Konuya ilişkin bir açıklamaya yapan Büyükçekmece Belediye Başkanı Dr. Hasan Akgün, “Tepecik Hürriyet Mahallesi ile Ulus Mahallesi’nin bulunduğu alandayız. Hürriyet ve Ulus Mahallesi bizim için çok önemli. Çünkü bu bölge Tepecik’in merkezi olarak biliniyor. Binaların ne zaman yapıldığı bilinmiyor. Büyük bir kısmı kaçak. Köy zamanında veya belde belediyesi zamanında yapılmıştır. Bize 2009 yılından itibaren bağlanmıştır. 2009’dan sonra Doğu kısmının imar planlarını çıkarttık. Çünkü ruhsatlıydı birçoğu. 2009’dan sonra bağlanan bu Tepecik bölgesinin merkez kısmı Hürriyet ve Ulus Mahallesi’nin merkez kısmı çok hassasiyet arz ediyordu ve bir türlü plan sorunu çözülemiyordu. 2009’dan beri uğraştık, çalıştık. Bir türlü çözemedik. Çünkü İstanbul Büyükşehir Belediyesi’nde meclis çoğunluğu Ak Parti’ye aitti. 2024 31 Mart’a kadar. 2024 31 Mart’tan sonra meclis çoğunluğu Ekrem Başkan’ımız ile birlikte çalışmaya başladı. Cumhuriyet Halk Partisi’ne geçti. Halk böyle takdir etti. Tepecik Merkezin imar planlarını da 1000’lik uygulamalı imar planlarını da 4 ay içerisinde Büyükşehir Meclisi’nden geçirdik. Onun öncesinde 5000’lik planları yine Büyükşehir Meclisi’nden geçirdik. Eşzamanlı çalıştık ve bitirdik. Önümüzdeki bu ay ve Ekim ayında Tepecik Merkezin 1/1000’lik planları Büyükşehir Belediye Meclisi’nden onaylanacak. Çünkü 5000’liğe uygun olarak yapıldığı için sadece formalite icabı oraya gidiyor.”

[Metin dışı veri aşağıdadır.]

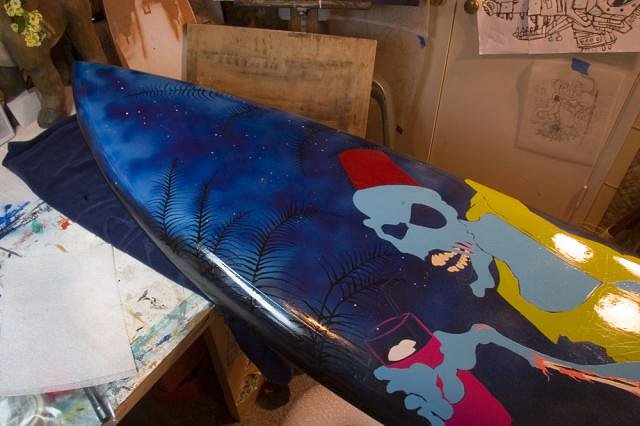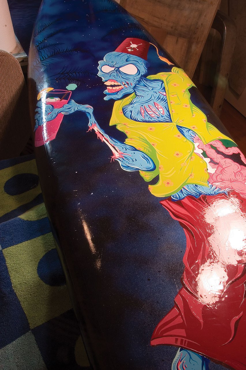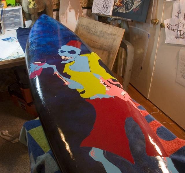 thanks guys......SurfT I don't think it's a gun....it's an old custom 70's board that had a glassed in fin. Donated by a long time surfer who I still thinks it's going to go back to his house when I'm finished! Tonights work...I know it doesn't look all that different but added some blue and green highlights, worked on the zombie drink and some tidbits here and there... the color on the green shirt is waaaay off in these pics...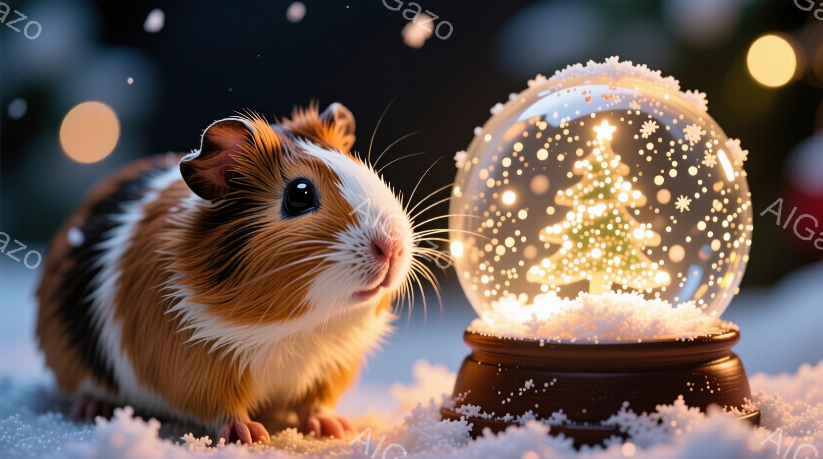この無料AI生成画像「クリスマスツリーの背景に、プレゼントの山に座る可愛らしいモルモットがいます。モルモットは白、茶色、黒の毛並みで、小さな鼻と輝く目をしており、何かを期待しているような表情をしています。プレゼントは赤、緑、金色の包装紙で飾られ、白い雪の上に置かれています。」は、2025年10月25日に作成されました。 サイズは 1664×928px の高解像度で、商用利用も可能なフリー素材として提供しています。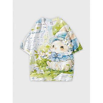 T-Shirt Round Neck, Loose Short Sleeve Pattern Graphic Tee, Unisex Summer Casual Top W946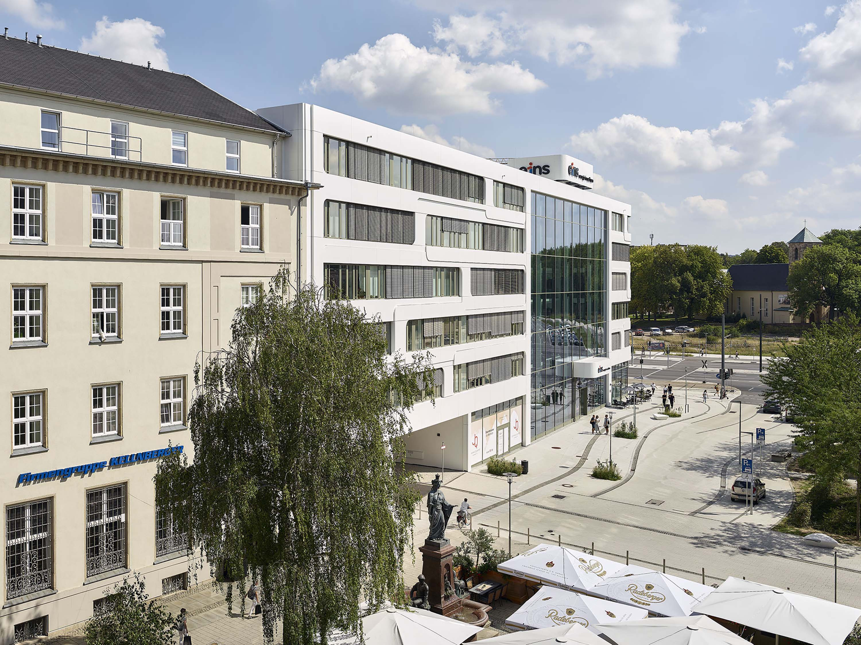 Der Neubau mit sechs Vollgeschossen orientiert sich an der Traufhöhe der Nachbargebäude. Das Gebäude nimmt den Wiederaufbau-Geist des Stadtzentrums aus der 1970er - 80er Jahren auf und entfaltet eine starke Wirkung hin zum Straßenraum.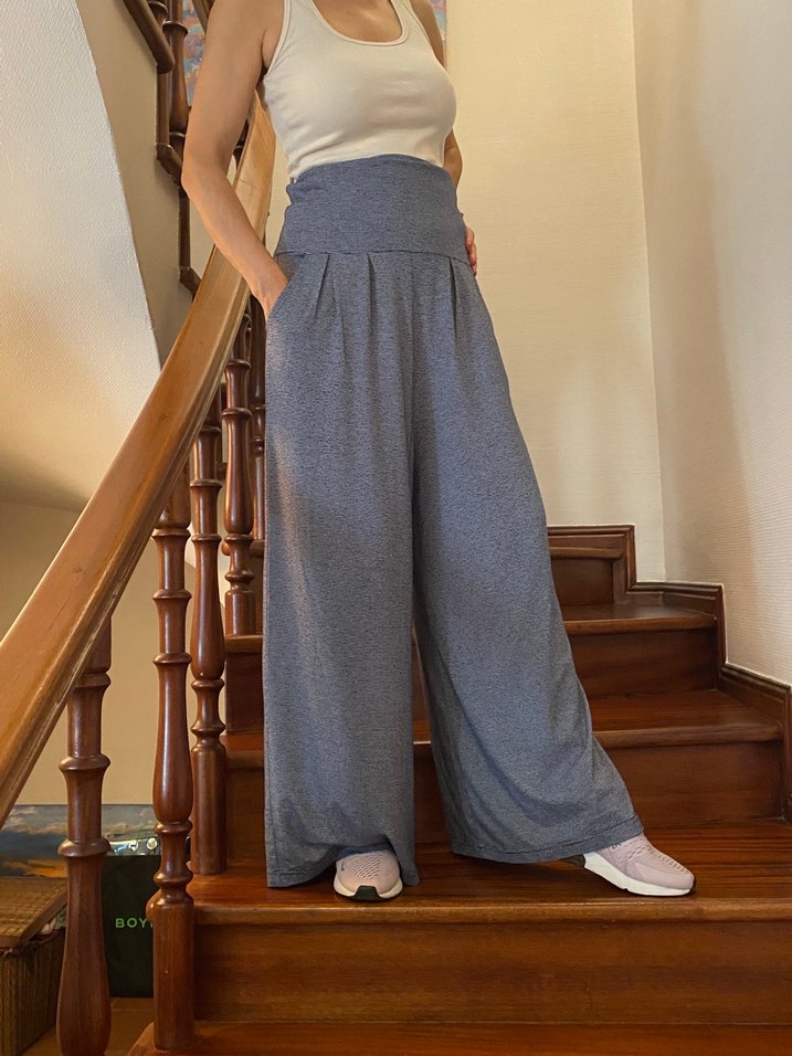 Geniş kesim, yüksek bel ve yan cepli, çizgili, pamuklu pantolon. Çok çok rahat ve günlük kullanıma ve özellikle uzun yolculuklarda mükemmel. Normcore tarzıyla uyumlu. Yeşil bikini hediyedir. Kızım bikininin tüm etiketlerini kestiği için hediye olarak göndereceğim.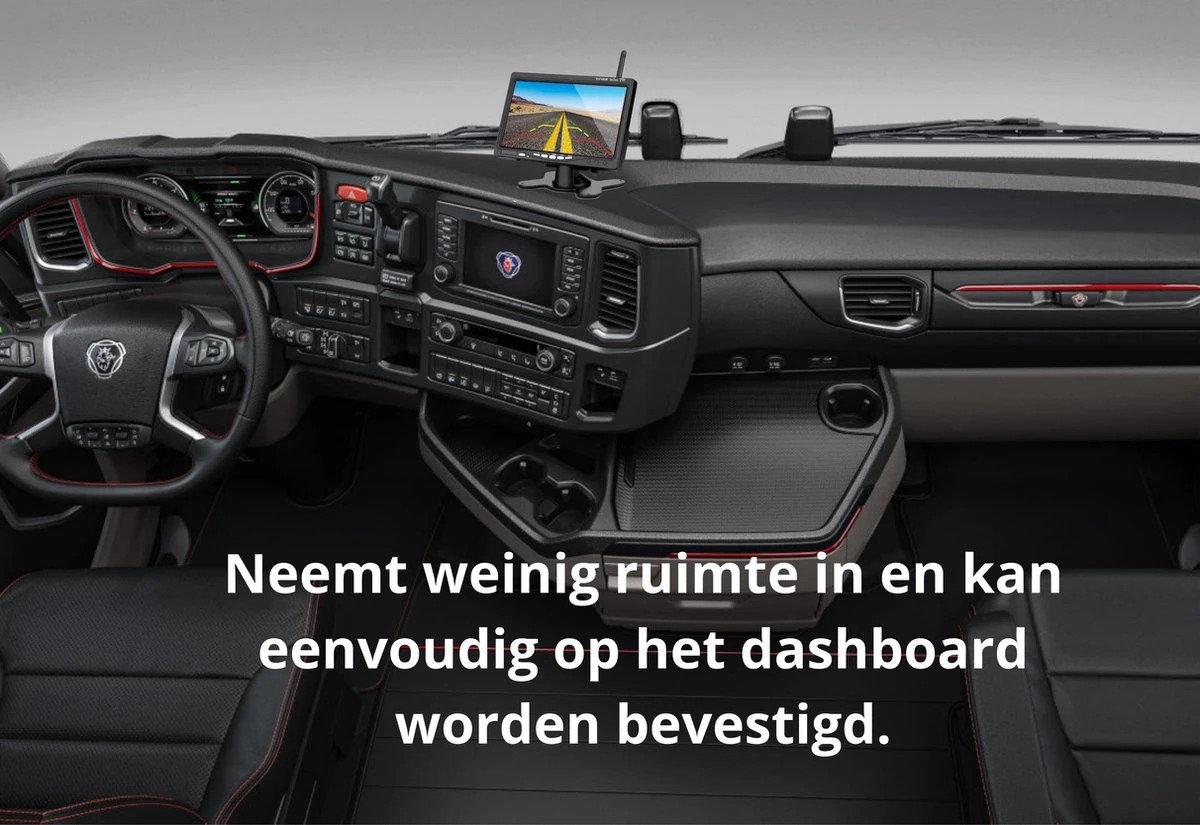 De installatie van zowel de monitor als de camera gaat zeer eenvoudig. Een krachtige en betrouwbare bevestiging van de monitor zorgt voor een fijne rijervaring en veiligheid. De monitor start automatisch op en synchroniseert automatisch met de camera. Betrouwbaar, gemakkelijk en zonder enige moeite te bevestigen!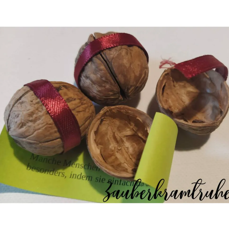 24 gefüllte Walnüsse für einen glücklichen Advent. Die Walnüsse sind mit Segenswünschen, Zitaten oder Sprüchen gefüllt in einem kleinen Jutesack, der ein Teil eurer Adventsdekoration werden möchte.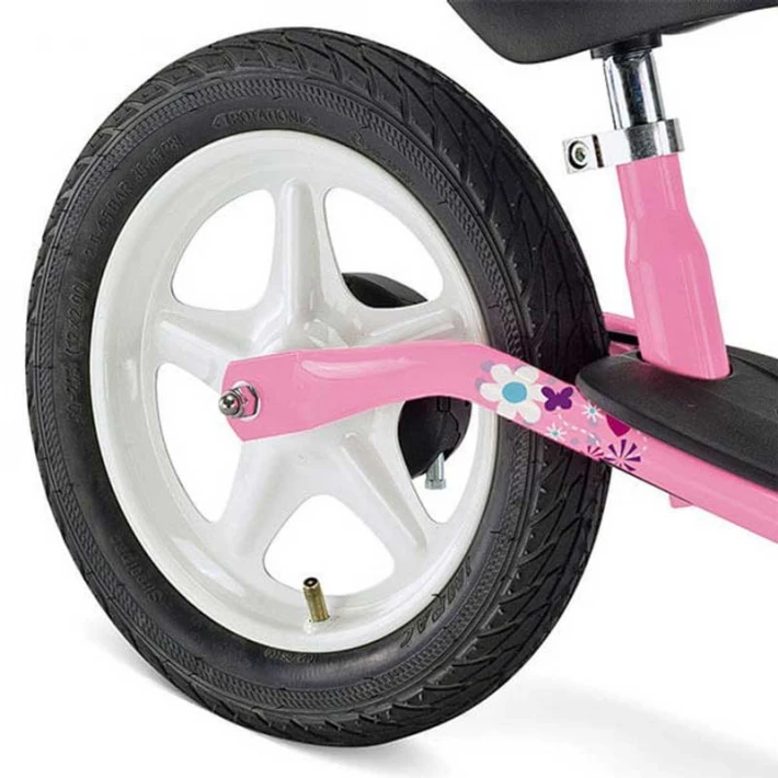 Колелото е с 12,5″ пневматичните гуми, които осигуряват оптимален комфорт и максимално сцепление върху всякакви повърхности, като същевременно са и много тихи. По този начин пневматичните балансиращи велосипеди Puky са идеалното превозно средство за амбициозни деца, които вече искат да карат своето колело по-бързо.

“HEM TEPECİK MERKEZ HEM DE KUMBURGAZ Sahilleri yerle bir olur.”

İmar planlarının onaylanmasının ardından Tepecik bölgesinden kentsel dönüşüm çalışmasının hız kazanacağını ve en az 7 bin yapının yıkılarak yenileneceğini kaydeden Başkan Akgün şöyle konuştu: “ Merkezde artık binalar yıkılmaya, vatandaşın canının, malının kurtarılması için yeni binalar yapılmaya başlanacak. Arkamızda görmüş olduğunuz binanın depreme dayanması mümkün mü? Demirleri görüyor musunuz? O demirlerin 3 kat kalınlığında olması lazım. Bu binada eğer şu anda 10 ton demir varsa yeni teknolojide bu binada 30 ton demir olacak.  30 ton varsa 60 ton olacak ama görüyoruz ki yıkılan binalarda donatı dediğimiz demir, beton son derece vasfı düşük ve teknik kurallardan uzak. 7.5 depremi beklemeye gerek yok. Eğer 5.5, 6 büyüklüğünde direkt bölgeyi ilgilendiren bir deprem olursa hem burası Tepecik merkez hem de Kumburgaz sahilleri yerle bir olur.”

“DEPREMDE ALTINDA KALIRSINIZ”

Yıkımı yapılan riskli binanın beton ve demir yapısını kameralara gösteren Başkan Akgün; “Betonun içindeki tamamıyla istiridye ve midye kabuğundan oluşan, denizden alınan kumla yapılmış son derece tehlikeli bir beton ve mukavemeti olması gerekenin 10’da 1’i çıkar veya çıkmaz. Tamamı görüyorsunuz istiridye kabuğu ve denizden alındığına dair her türlü bilgi, belge orada var. Bu ise hiçbir zaman inşaatta kullanılmayacak nervürsüz demir. Kullanılan en kalın demir 12’lik düz demir. Hiçbir şekilde inşaata mukavemet vermez. Verir, öyle verir. Depremde altında kalırsınız. Bu da genelde kullanılan 8’lik bir etre demiri. Bu da nervürsüz. Eğer deprem oluyor ve insanlar ölüyorsa sebebi zemin değil. Zemine göre, teknolojiye göre yapılmamış olan inşaatlardır. Türkiye’de bu kadar insanı kaybediyorsak sebebi kendi ellerimizle gelişigüzel, devletin denetiminden uzak yapılmış olan bu binalardan kaynaklanmaktadır” diye konuştu.